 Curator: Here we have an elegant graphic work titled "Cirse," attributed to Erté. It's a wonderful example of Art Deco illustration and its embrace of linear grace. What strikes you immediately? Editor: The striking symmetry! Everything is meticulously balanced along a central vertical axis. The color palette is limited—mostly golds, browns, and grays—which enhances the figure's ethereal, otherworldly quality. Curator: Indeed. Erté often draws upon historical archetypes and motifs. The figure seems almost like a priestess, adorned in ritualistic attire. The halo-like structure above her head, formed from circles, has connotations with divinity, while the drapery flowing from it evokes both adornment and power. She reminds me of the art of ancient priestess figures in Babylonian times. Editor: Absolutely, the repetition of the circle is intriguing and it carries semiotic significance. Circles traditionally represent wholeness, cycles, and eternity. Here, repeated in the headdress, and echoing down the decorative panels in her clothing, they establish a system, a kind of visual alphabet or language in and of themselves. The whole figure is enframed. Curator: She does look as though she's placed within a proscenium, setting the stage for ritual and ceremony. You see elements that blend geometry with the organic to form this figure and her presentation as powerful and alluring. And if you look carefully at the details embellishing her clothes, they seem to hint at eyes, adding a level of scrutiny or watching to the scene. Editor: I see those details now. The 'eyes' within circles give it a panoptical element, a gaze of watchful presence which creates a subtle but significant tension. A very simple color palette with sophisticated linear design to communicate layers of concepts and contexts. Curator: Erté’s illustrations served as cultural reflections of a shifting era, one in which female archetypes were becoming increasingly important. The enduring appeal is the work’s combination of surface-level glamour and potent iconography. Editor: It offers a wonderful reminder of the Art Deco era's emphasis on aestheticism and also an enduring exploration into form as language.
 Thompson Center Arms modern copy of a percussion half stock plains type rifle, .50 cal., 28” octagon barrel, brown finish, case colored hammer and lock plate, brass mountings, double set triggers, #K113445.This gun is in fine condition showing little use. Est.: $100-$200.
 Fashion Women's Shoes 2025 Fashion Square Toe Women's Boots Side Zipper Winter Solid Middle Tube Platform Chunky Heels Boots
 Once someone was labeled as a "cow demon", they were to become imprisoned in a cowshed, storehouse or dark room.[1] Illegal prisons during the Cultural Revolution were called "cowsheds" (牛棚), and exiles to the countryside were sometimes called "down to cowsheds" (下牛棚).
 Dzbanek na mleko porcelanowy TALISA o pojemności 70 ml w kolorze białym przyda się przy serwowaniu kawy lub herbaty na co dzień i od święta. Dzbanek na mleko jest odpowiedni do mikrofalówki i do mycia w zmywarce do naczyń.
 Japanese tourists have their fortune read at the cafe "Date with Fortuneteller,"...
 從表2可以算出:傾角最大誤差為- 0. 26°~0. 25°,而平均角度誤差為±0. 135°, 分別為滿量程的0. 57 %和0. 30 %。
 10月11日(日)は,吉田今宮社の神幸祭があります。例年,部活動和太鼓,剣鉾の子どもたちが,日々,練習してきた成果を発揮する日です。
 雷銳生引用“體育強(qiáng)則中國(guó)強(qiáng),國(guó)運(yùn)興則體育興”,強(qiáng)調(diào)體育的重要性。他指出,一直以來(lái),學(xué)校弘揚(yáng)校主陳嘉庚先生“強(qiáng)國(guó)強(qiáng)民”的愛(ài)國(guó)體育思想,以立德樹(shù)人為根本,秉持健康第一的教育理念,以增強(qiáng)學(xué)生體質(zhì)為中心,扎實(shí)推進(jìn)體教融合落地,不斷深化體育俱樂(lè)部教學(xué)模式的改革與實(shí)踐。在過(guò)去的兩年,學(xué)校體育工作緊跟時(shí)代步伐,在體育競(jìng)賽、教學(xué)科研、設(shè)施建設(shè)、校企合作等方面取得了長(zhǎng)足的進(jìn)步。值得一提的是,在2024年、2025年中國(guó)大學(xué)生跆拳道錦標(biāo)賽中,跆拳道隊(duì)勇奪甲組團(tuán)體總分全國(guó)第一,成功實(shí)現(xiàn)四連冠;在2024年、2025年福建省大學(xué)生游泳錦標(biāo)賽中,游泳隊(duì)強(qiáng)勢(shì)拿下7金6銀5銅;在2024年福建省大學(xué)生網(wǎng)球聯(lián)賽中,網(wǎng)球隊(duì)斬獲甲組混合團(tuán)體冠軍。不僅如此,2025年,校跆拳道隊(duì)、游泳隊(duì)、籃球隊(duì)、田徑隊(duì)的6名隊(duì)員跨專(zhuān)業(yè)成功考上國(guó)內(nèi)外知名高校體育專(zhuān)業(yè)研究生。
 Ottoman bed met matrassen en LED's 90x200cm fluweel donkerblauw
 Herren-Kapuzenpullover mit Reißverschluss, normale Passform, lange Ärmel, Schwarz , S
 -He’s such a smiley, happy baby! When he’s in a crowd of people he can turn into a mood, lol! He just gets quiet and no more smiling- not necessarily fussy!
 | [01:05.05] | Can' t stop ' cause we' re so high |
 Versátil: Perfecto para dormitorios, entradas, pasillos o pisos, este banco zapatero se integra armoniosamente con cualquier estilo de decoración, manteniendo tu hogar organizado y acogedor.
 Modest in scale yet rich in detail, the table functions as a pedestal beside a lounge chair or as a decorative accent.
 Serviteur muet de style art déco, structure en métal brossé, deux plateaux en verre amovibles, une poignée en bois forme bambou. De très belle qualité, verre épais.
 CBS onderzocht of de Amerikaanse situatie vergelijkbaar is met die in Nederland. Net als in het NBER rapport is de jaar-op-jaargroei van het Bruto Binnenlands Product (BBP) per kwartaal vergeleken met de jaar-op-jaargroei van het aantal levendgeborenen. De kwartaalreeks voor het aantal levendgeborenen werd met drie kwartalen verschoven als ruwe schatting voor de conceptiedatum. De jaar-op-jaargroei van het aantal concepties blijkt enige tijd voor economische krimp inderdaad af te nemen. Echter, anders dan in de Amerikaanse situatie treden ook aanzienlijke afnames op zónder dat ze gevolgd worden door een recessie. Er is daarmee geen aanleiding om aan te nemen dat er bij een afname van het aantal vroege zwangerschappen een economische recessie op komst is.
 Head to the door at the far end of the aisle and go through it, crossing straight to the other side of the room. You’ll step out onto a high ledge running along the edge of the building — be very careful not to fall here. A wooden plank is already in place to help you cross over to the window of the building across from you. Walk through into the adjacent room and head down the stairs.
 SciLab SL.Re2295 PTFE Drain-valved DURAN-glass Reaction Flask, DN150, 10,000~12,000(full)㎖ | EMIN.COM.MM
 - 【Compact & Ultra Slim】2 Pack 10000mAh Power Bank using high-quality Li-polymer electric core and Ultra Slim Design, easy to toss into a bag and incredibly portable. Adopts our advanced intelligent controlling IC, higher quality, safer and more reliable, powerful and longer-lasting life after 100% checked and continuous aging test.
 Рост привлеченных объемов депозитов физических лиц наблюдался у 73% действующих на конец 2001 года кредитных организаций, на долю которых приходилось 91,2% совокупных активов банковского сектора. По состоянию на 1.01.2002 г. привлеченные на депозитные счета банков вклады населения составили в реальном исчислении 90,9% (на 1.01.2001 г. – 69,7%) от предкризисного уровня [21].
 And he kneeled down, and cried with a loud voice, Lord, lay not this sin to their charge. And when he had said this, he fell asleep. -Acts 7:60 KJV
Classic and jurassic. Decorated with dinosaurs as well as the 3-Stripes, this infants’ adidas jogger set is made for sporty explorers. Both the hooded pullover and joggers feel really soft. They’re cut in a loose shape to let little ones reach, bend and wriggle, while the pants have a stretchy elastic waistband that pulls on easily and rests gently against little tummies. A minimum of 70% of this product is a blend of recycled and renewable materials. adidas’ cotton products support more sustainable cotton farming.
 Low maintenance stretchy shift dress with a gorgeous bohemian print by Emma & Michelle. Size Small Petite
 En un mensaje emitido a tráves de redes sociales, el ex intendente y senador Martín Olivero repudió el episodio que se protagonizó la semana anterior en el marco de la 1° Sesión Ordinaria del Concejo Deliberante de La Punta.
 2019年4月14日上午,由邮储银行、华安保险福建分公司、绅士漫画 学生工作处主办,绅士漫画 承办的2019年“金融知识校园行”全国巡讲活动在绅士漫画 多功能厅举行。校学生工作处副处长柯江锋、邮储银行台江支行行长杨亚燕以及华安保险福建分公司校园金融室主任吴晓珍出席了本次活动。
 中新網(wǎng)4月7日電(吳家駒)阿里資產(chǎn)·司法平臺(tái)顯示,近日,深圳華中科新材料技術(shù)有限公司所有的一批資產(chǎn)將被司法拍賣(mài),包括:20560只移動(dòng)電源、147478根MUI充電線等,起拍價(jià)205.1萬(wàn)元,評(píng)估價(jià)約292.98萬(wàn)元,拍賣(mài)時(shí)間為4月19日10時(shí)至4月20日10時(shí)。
- - - - - - -
→ **EXERCISE INSTRUCTIONS**
In the listing above, find the line with "Japanese tourists have" and the line with "re so high |". Output those two lines and every line between them, exactly as written.

→ **ANSWER BOX**
 Japanese tourists have their fortune read at the cafe "Date with Fortuneteller,"...
 從表2可以算出:傾角最大誤差為- 0. 26°~0. 25°,而平均角度誤差為±0. 135°, 分別為滿量程的0. 57 %和0. 30 %。
 10月11日(日)は,吉田今宮社の神幸祭があります。例年,部活動和太鼓,剣鉾の子どもたちが,日々,練習してきた成果を発揮する日です。
 雷銳生引用“體育強(qiáng)則中國(guó)強(qiáng),國(guó)運(yùn)興則體育興”,強(qiáng)調(diào)體育的重要性。他指出,一直以來(lái),學(xué)校弘揚(yáng)校主陳嘉庚先生“強(qiáng)國(guó)強(qiáng)民”的愛(ài)國(guó)體育思想,以立德樹(shù)人為根本,秉持健康第一的教育理念,以增強(qiáng)學(xué)生體質(zhì)為中心,扎實(shí)推進(jìn)體教融合落地,不斷深化體育俱樂(lè)部教學(xué)模式的改革與實(shí)踐。在過(guò)去的兩年,學(xué)校體育工作緊跟時(shí)代步伐,在體育競(jìng)賽、教學(xué)科研、設(shè)施建設(shè)、校企合作等方面取得了長(zhǎng)足的進(jìn)步。值得一提的是,在2024年、2025年中國(guó)大學(xué)生跆拳道錦標(biāo)賽中,跆拳道隊(duì)勇奪甲組團(tuán)體總分全國(guó)第一,成功實(shí)現(xiàn)四連冠;在2024年、2025年福建省大學(xué)生游泳錦標(biāo)賽中,游泳隊(duì)強(qiáng)勢(shì)拿下7金6銀5銅;在2024年福建省大學(xué)生網(wǎng)球聯(lián)賽中,網(wǎng)球隊(duì)斬獲甲組混合團(tuán)體冠軍。不僅如此,2025年,校跆拳道隊(duì)、游泳隊(duì)、籃球隊(duì)、田徑隊(duì)的6名隊(duì)員跨專(zhuān)業(yè)成功考上國(guó)內(nèi)外知名高校體育專(zhuān)業(yè)研究生。
 Ottoman bed met matrassen en LED's 90x200cm fluweel donkerblauw
 Herren-Kapuzenpullover mit Reißverschluss, normale Passform, lange Ärmel, Schwarz , S
 -He’s such a smiley, happy baby! When he’s in a crowd of people he can turn into a mood, lol! He just gets quiet and no more smiling- not necessarily fussy!
 | [01:05.05] | Can' t stop ' cause we' re so high |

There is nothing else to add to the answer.